В подчеркнутом дружелюбии, с каким он говорил о маленьком Бёке, скрывался вызов. Против кого? Не Барбара ли мешала ему нанять Бёка, его преданного раба? В гамбургской квартире она терпела только барышню, десять лет прослужившую в имении генеральши, чтобы только ничего не менять в своей жизни – в жизни дочери тайного советника. Хендрик при всем своем блеске не мог забыть и самых мелких уколов прошлого.
– Теперь я хозяин в доме! – говорил он.
Теперь он был хозяин в доме, и через порог могли переступать почти исключительно люди, смотревшие на него с восхищением и благоговением. Семья, которой он разрешил принять участие в его торжестве, вскоре ощутила тяжесть его капризов. Хендрик иногда устраивал уютные вечера у камина или прелестные воскресные утренники в саду. Но чаще случалось, что он демонстрировал бледное, обиженное лицо гувернантки, запирался в своих покоях и жаловался на страшную мигрень – «потому что мне приходится так много работать, чтобы добывать деньги для вас, бездельников»; такого он, правда, не говорил, но явно намекал на это страдальческим и раздраженным видом.
– Не заботьтесь обо мне! – уговаривал он домашних и потом долго дулся, если на него и впрямь в течение нескольких часов не обращали внимания.

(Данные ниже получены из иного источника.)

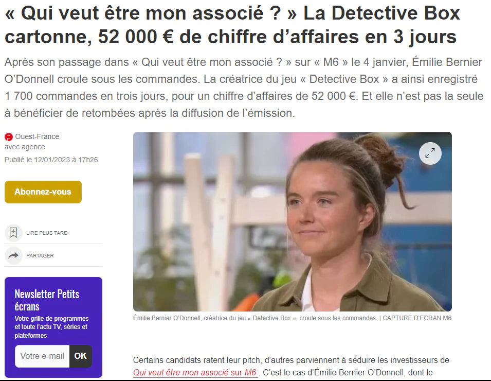 "Qui veut être mon associé ? La Detective Box cartonne, 52 000 € de chiffre d’affaires en 3 jours"

Лучше всего с ним ладила его мать Белла. Она обращалась со своим «большим мальчиком» очень нежно, но решительно, и он с ней почти не позволял себе никаких выходок. Он действительно был к ней весьма привязан, он гордился своей благородной мамой. Она явно изменилась к лучшему, вполне соответствовала новой ответственной ситуации. Она вела хозяйство своего знаменитого сына с достоинством и тактом, с умелой осмотрительностью. Кто бы, глядя на элегантную матрону, поверил, что она стала предметом низких сплетен, когда торговала шампанским с благотворительной целью? Это было давным-давно, никто уже не вспоминал старых, глупых историй. Из фрау Беллы вышла скромная и сдержанная, но в то же время очень видная дама берлинского общества. Она была представлена господину премьер-министру, вращалась в самых высоких кругах. Умное, веселое лицо под аккуратной серой завивкой, так похожее на лицо знаменитого сына, сохранило свежесть красок. Фрау Белла одевалась просто, но продуманно. Она предпочитала темно-серый шелк зимой, жемчужно-серый – в теплое время. Костюм на прекрасной бабушке ее невестки, которым фрау Белла восхитилась много лет назад, был жемчужно-серого цвета. Мать Хефгена жалела от всего сердца, что генеральша не бывает на груневальдской вилле.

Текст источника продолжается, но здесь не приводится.